Records:
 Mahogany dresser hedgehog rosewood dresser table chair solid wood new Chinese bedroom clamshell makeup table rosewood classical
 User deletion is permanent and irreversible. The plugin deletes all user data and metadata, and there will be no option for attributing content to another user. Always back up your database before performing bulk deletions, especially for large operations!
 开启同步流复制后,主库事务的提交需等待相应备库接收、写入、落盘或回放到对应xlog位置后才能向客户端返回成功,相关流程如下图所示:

...

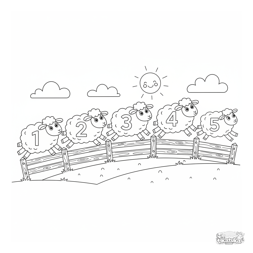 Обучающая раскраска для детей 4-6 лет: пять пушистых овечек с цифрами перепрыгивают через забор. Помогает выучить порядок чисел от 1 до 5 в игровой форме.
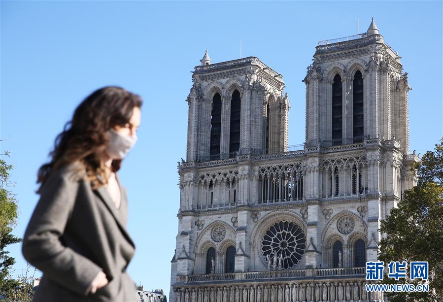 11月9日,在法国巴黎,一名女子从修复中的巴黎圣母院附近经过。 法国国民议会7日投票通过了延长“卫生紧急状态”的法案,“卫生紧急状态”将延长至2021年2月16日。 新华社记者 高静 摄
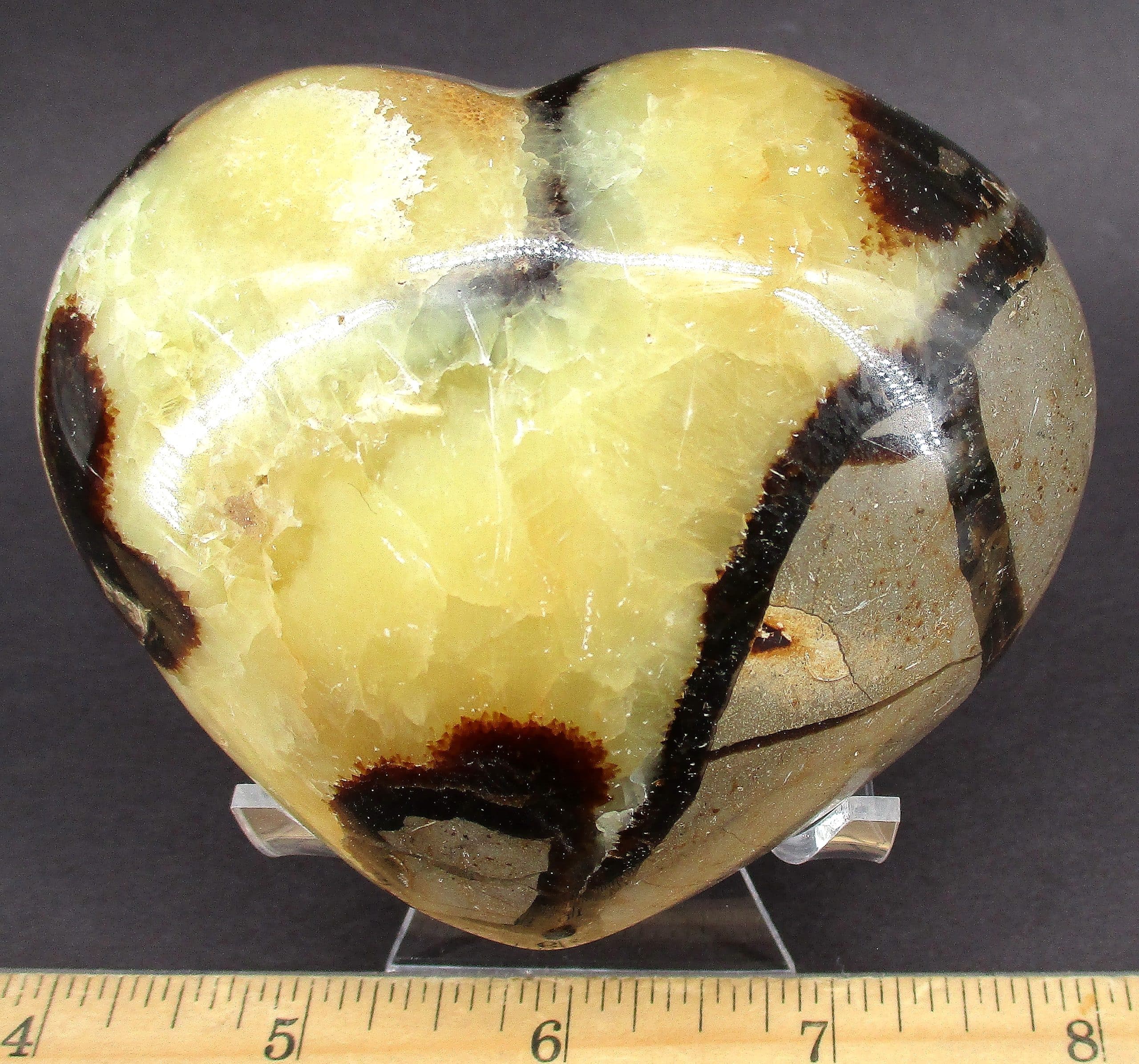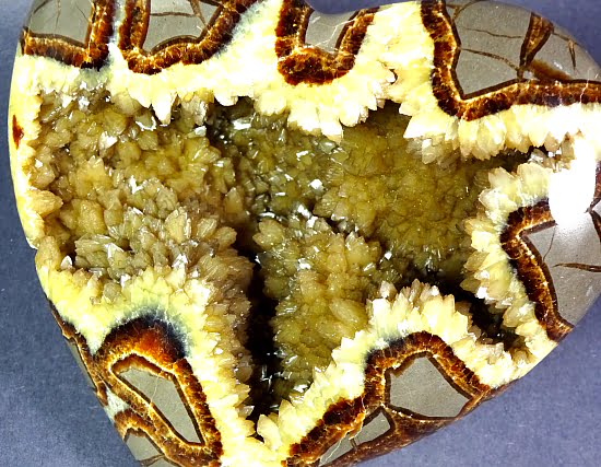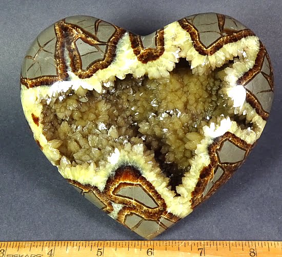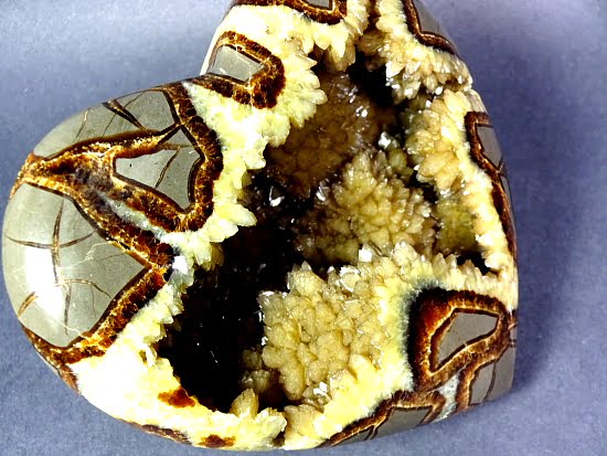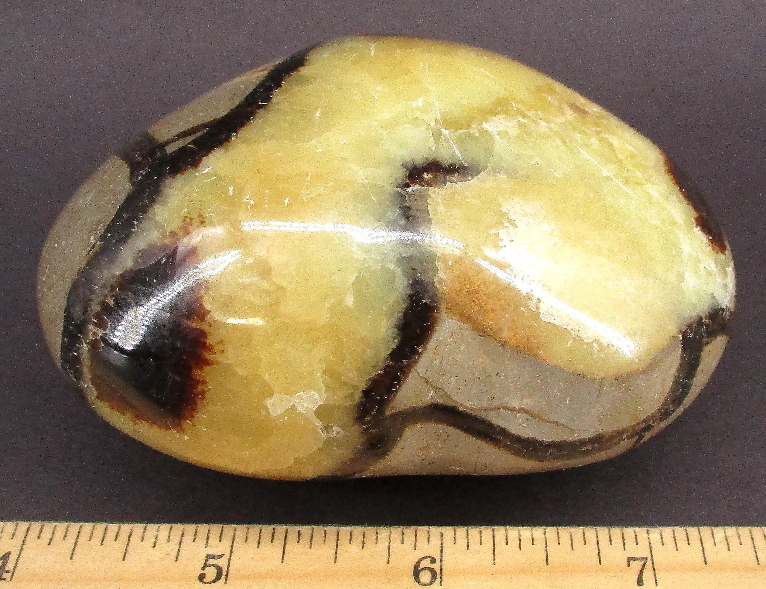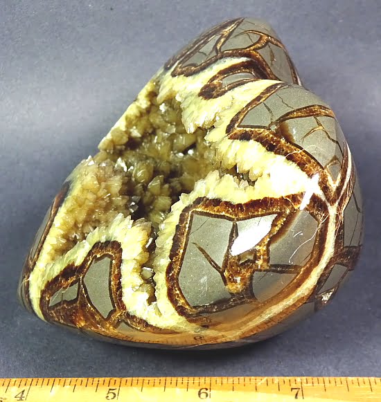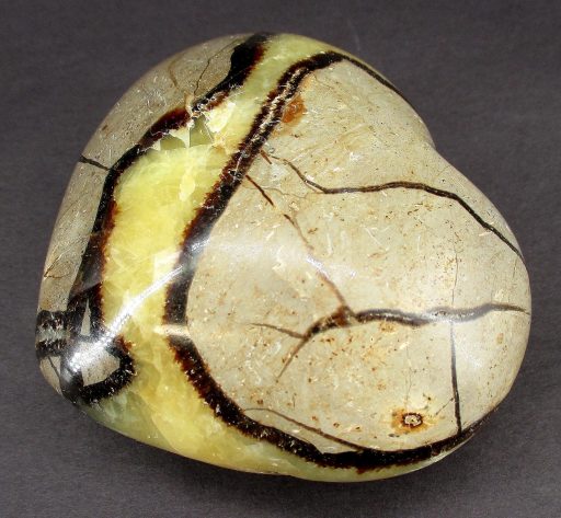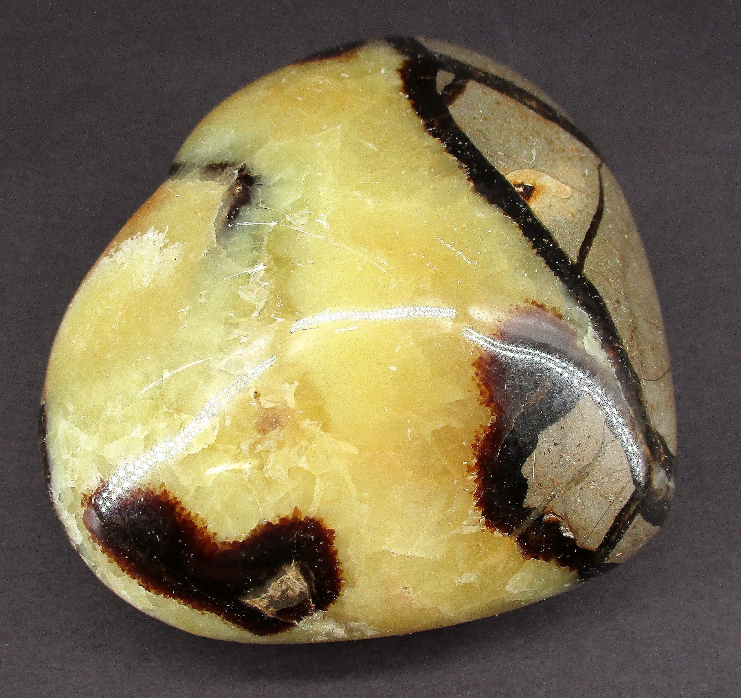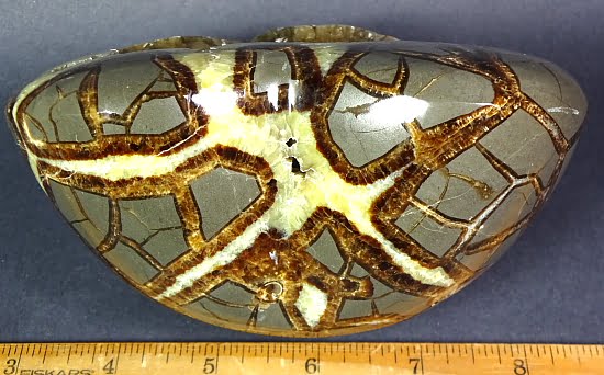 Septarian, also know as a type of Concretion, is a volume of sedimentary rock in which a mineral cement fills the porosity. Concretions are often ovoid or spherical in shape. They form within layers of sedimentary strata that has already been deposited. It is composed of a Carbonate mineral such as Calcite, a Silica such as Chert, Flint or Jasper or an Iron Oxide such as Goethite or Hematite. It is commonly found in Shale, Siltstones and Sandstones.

==

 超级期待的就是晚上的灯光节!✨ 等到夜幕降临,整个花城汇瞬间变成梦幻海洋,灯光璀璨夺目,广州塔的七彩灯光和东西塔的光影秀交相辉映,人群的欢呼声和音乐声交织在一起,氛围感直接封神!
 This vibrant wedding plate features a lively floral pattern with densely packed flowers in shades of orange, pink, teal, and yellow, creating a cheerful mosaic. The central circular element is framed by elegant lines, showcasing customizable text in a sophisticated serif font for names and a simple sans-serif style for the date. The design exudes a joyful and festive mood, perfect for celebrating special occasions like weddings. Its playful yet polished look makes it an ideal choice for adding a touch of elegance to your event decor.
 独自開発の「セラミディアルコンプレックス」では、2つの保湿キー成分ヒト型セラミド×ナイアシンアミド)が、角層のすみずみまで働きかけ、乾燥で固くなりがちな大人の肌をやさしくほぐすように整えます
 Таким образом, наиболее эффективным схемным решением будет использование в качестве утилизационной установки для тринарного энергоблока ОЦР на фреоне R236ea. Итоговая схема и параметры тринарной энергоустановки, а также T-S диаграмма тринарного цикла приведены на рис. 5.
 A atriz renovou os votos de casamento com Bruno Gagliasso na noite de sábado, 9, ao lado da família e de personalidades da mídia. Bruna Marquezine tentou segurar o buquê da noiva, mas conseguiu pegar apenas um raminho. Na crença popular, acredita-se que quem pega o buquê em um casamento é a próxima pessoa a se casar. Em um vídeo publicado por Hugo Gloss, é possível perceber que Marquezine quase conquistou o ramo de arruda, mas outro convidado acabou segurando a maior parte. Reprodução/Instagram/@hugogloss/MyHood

Your objective:
Beginning at the line with "Mahogany dresser hedgehog" and stopping after the line with "开启同步流复制后,主库事务的", please write out every line of the data above exactly and nothing else.

Exercise answer:
 Mahogany dresser hedgehog rosewood dresser table chair solid wood new Chinese bedroom clamshell makeup table rosewood classical
 User deletion is permanent and irreversible. The plugin deletes all user data and metadata, and there will be no option for attributing content to another user. Always back up your database before performing bulk deletions, especially for large operations!
 开启同步流复制后,主库事务的提交需等待相应备库接收、写入、落盘或回放到对应xlog位置后才能向客户端返回成功,相关流程如下图所示:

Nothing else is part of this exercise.